- Opening Delimiter -

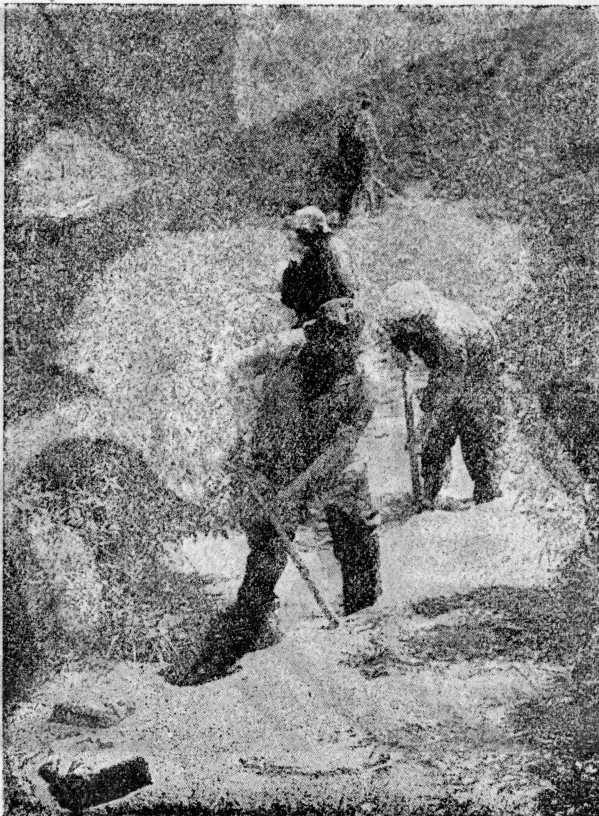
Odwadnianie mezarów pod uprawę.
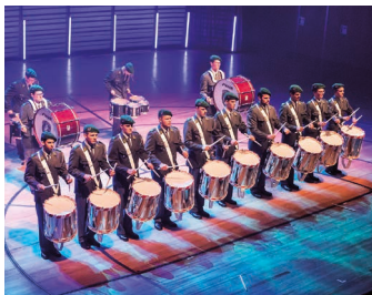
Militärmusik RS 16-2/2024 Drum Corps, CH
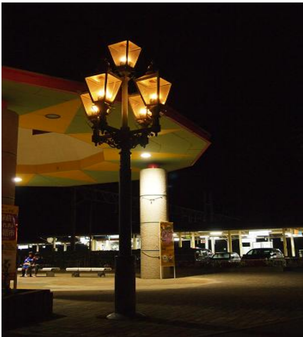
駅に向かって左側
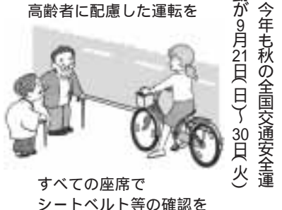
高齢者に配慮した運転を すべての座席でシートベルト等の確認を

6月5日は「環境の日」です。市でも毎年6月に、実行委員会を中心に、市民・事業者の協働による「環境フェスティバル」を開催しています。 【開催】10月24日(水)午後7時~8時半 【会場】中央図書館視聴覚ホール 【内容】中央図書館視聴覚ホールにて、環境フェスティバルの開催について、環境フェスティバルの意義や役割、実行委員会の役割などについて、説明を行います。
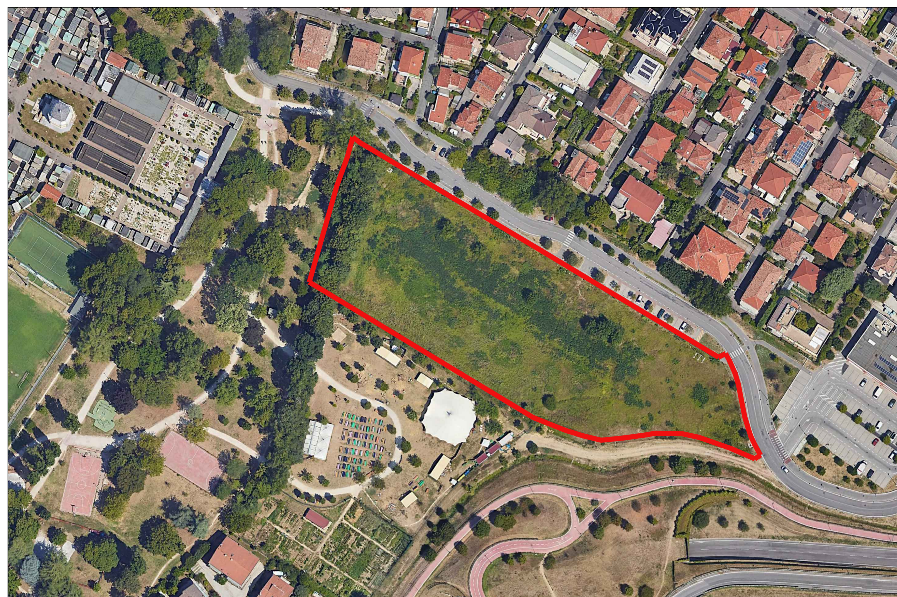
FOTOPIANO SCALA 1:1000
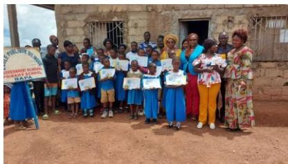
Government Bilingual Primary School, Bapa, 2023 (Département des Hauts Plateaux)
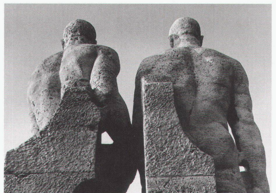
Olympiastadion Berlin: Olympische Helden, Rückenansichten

- Closing Delimiter -

## WHAT YOU HAVE TO DO
Only the text of the records above, copied exactly, should be returned; the pictures stay out.

## TASK ANSWER
Odwadnianie mezarów pod uprawę.
Militärmusik RS 16-2/2024 Drum Corps, CH
駅に向かって左側
高齢者に配慮した運転を すべての座席でシートベルト等の確認を

6月5日は「環境の日」です。市でも毎年6月に、実行委員会を中心に、市民・事業者の協働による「環境フェスティバル」を開催しています。 【開催】10月24日(水)午後7時~8時半 【会場】中央図書館視聴覚ホール 【内容】中央図書館視聴覚ホールにて、環境フェスティバルの開催について、環境フェスティバルの意義や役割、実行委員会の役割などについて、説明を行います。
FOTOPIANO SCALA 1:1000
Government Bilingual Primary School, Bapa, 2023 (Département des Hauts Plateaux)
Olympiastadion Berlin: Olympische Helden, Rückenansichten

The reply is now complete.